● **Action item**:
Every line of the data below should be retyped exactly, with no images carried over.

**** Provided data

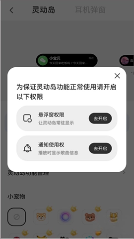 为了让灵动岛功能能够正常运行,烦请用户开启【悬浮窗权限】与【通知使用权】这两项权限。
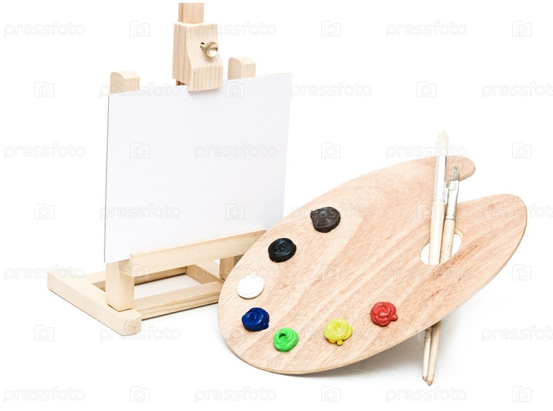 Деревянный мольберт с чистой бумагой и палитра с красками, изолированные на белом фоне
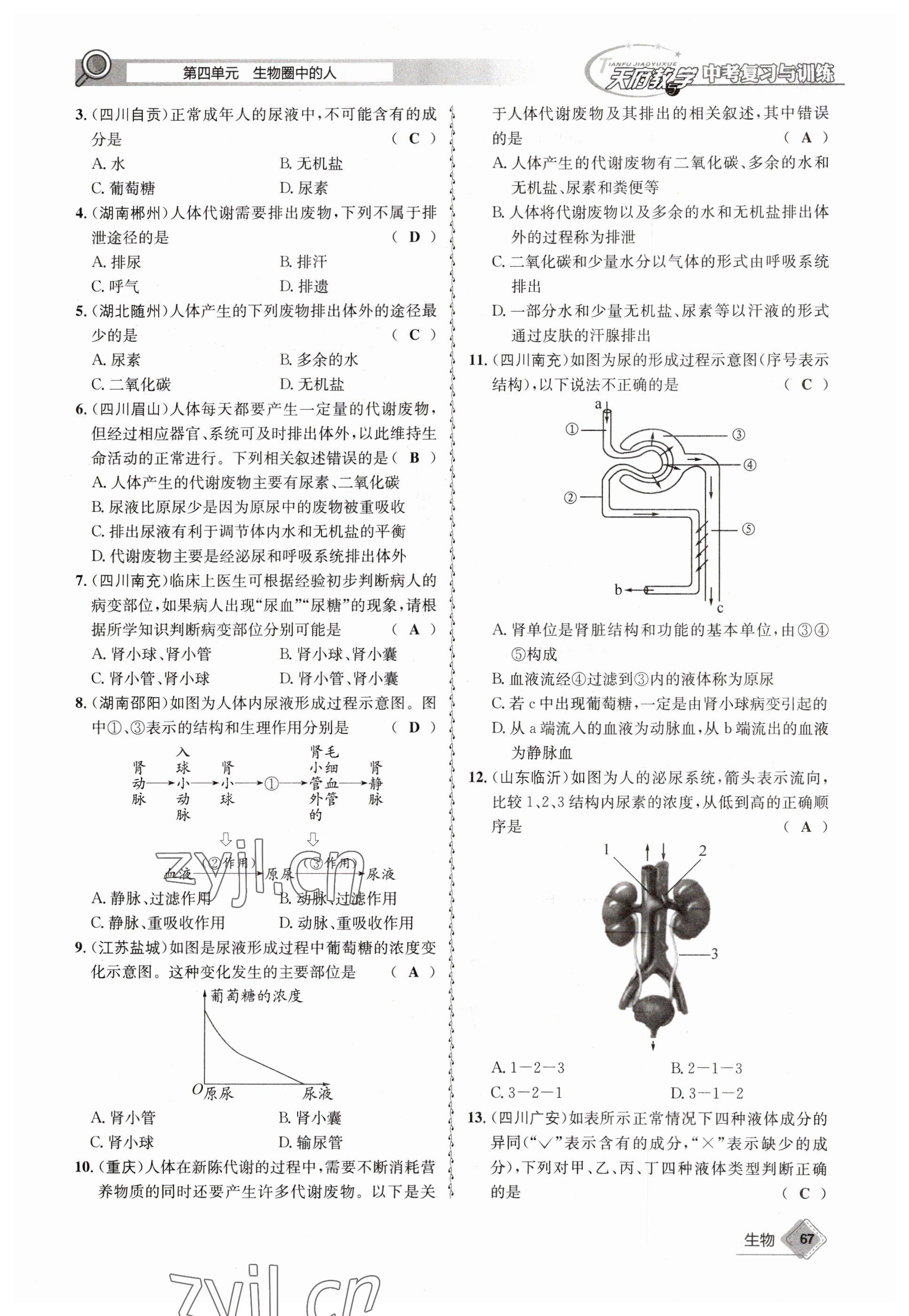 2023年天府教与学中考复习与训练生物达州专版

********

● **Solution for this problem**:
 为了让灵动岛功能能够正常运行,烦请用户开启【悬浮窗权限】与【通知使用权】这两项权限。
 Деревянный мольберт с чистой бумагой и палитра с красками, изолированные на белом фоне
 2023年天府教与学中考复习与训练生物达州专版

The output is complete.